Karnu: It's a bit of a blur to me, the first thing I remember properly is waking up a little while later, and finding myself clean, in a warm comfortable bed, and more importantly alive! All I could manage was a smile of thanks - but I think the nurse knew what I meant.
Thiha: I thank God they were able to save her, that the nurse had been trained so well - I shudder to think there are people in situations like ours that don't make it, because they don't have the same resources. But now we're home, and we're so happy to have little Zeya with us.
Joseph: It's odd though, isn't it, having a new life to look after. Babies are so small and fragile, and it is so sad when they can't be cared for properly, and lives are wasted.
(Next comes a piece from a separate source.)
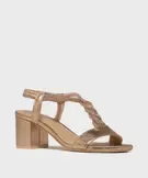 Ces sandales à talon large pour femme misent sur le glamour ! Elles sont dotées d'un talon de 6,5 cm et d'une bride cheville. Élastique, cette bride facilite l’enfilage tout en maintenant bien le pied. Sur le cou-de-pied, une tresse de brides entièrement recouvertes de strass crée un effet bijou éclatant. Une façon à la fois chic et originale d’habiller la sandale et d’offrir un maintien optimal. Parfaites pour illuminer une tenue sobre.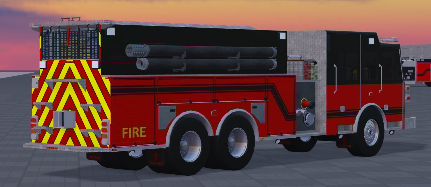 This is a Frontline 2020 Sutphen Fire Engine-Tanker. The model is completely handmade in roblox studio, and all the features work on the vehicle including the doors, compartments, ELS and chassis. The truck is on Firestone chassis and and does not have a UVMAP. Recoloring or striping will have to be done byhand.

It's such a responsibility.
Karnu: Yes it is, because all of them are so full of potential, if they're given the chance of life.
Mary: I wonder what ours will grow up to do? I bet it's something important.
A story about a baby told by Sister Gillian Rose at the USPG-supported Bollobphur Hospital, Bangladesh:
My day began in the labour ward. I had almost reached the hospital gate, on my way to church, when a very sick patient was brought in on an open trailer. She had delivered her third baby easily at home in the small hours, but the afterbirth had not separated and she had lost a lot of blood. She had been brought from a remote village on the border with India, where no services are available.
So my morning’s worship was in the labour ward, where we resuscitated our patient, removed her afterbirth, changed her into clean clothes, and settled her in a warm comfortable bed. Our reward was her smile of thanks. This is a service we are happy to give.
Sister Gillian manages the Bollobhpur Hospital and Nurse Training Institute, which is run by the Church of Bangladesh, with the support of USPG.